▶ **Material provided**
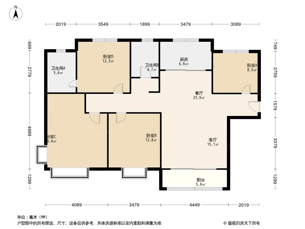 四室好房 户型方正 双气 采光充足
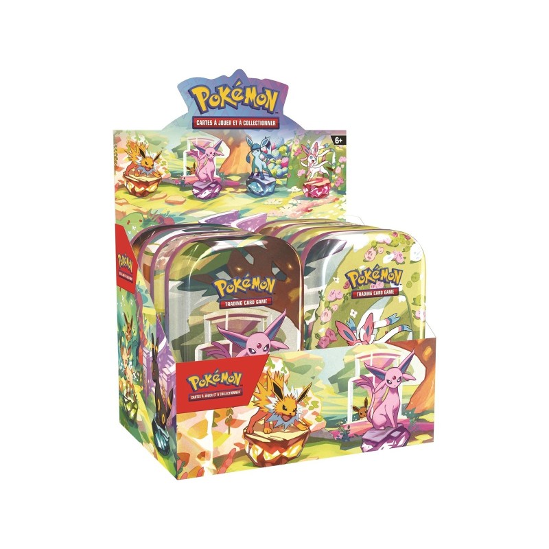 Includes two Scarlet & Violet—Prismatic Evolutions booster packs; one art card matching the tin, featuring Vaporeon, Jolteon, Flareon, Espeon, Umbreon, Leafeon, Glaceon or Sylveon; and one coin featuring Eevee.
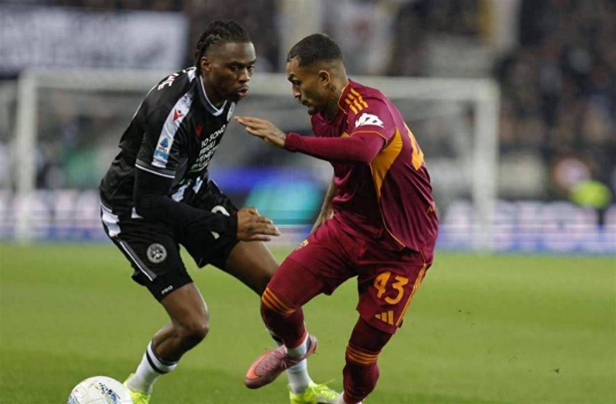 อย่างไรก็ตาม การแข่งขันดำเนินไปอย่างตรงกันข้ามกับการคาดการณ์ของผู้เชี่ยวชาญก่อนเกมอย่างสิ้นเชิง ตลอดครึ่งแรก โรม่าครองบอลได้ถึง 54% อย่างเหนือชั้น แต่กลับเล่นอย่างเชื่องช้าและขาดแรงบันดาลใจ ตลอด 45 นาทีแรก พวกเขาสามารถยิงตรงกรอบได้เพียง 3 ครั้งเท่านั้น โดยมีเพียง 1 ครั้งที่เข้ากรอบ ในทางตรงกันข้าม อูดิเนเซ่เลือกใช้แนวทางที่ตรงไปตรงมา ไม่ซับซ้อน สร้างความอันตรายได้มากกว่าด้วยการยิงตรงกรอบ 5 ครั้ง ในนาทีที่ 17 เคนาน เดวีส์ ของอูดิเนเซ่ได้รับใบเหลืองจากการประท้วงในจังหวะเกมรับ จากนั้นในนาทีที่ 34 โทมัส คริสเตนเซ่น ของทีมก็ถูกใบเหลืองเช่นกัน เหตุการณ์เหล่านี้สะท้อนให้เห็นภาพรวมว่าอูดิเนเซ่สามารถหยุดยั้งเกมรุกของโรมาได้อย่างมีประสิทธิภาพ ด้วยการเคลื่อนไหวที่กระตือรือร้นและการเล่นเกมรับที่ค่อนข้างดุดันเล็กน้อย
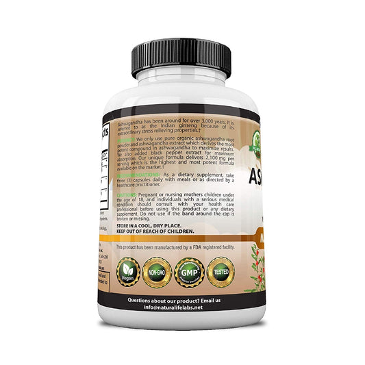 NaturaLife Labs Organic Ashwagandha 2,100 mg 100 Veggie Capsules

▶ **Instructions to follow**
Leave out the pictures and give the rest of the material again, unaltered.

▶ **Response**
 四室好房 户型方正 双气 采光充足
 Includes two Scarlet & Violet—Prismatic Evolutions booster packs; one art card matching the tin, featuring Vaporeon, Jolteon, Flareon, Espeon, Umbreon, Leafeon, Glaceon or Sylveon; and one coin featuring Eevee.
 อย่างไรก็ตาม การแข่งขันดำเนินไปอย่างตรงกันข้ามกับการคาดการณ์ของผู้เชี่ยวชาญก่อนเกมอย่างสิ้นเชิง ตลอดครึ่งแรก โรม่าครองบอลได้ถึง 54% อย่างเหนือชั้น แต่กลับเล่นอย่างเชื่องช้าและขาดแรงบันดาลใจ ตลอด 45 นาทีแรก พวกเขาสามารถยิงตรงกรอบได้เพียง 3 ครั้งเท่านั้น โดยมีเพียง 1 ครั้งที่เข้ากรอบ ในทางตรงกันข้าม อูดิเนเซ่เลือกใช้แนวทางที่ตรงไปตรงมา ไม่ซับซ้อน สร้างความอันตรายได้มากกว่าด้วยการยิงตรงกรอบ 5 ครั้ง ในนาทีที่ 17 เคนาน เดวีส์ ของอูดิเนเซ่ได้รับใบเหลืองจากการประท้วงในจังหวะเกมรับ จากนั้นในนาทีที่ 34 โทมัส คริสเตนเซ่น ของทีมก็ถูกใบเหลืองเช่นกัน เหตุการณ์เหล่านี้สะท้อนให้เห็นภาพรวมว่าอูดิเนเซ่สามารถหยุดยั้งเกมรุกของโรมาได้อย่างมีประสิทธิภาพ ด้วยการเคลื่อนไหวที่กระตือรือร้นและการเล่นเกมรับที่ค่อนข้างดุดันเล็กน้อย
 NaturaLife Labs Organic Ashwagandha 2,100 mg 100 Veggie Capsules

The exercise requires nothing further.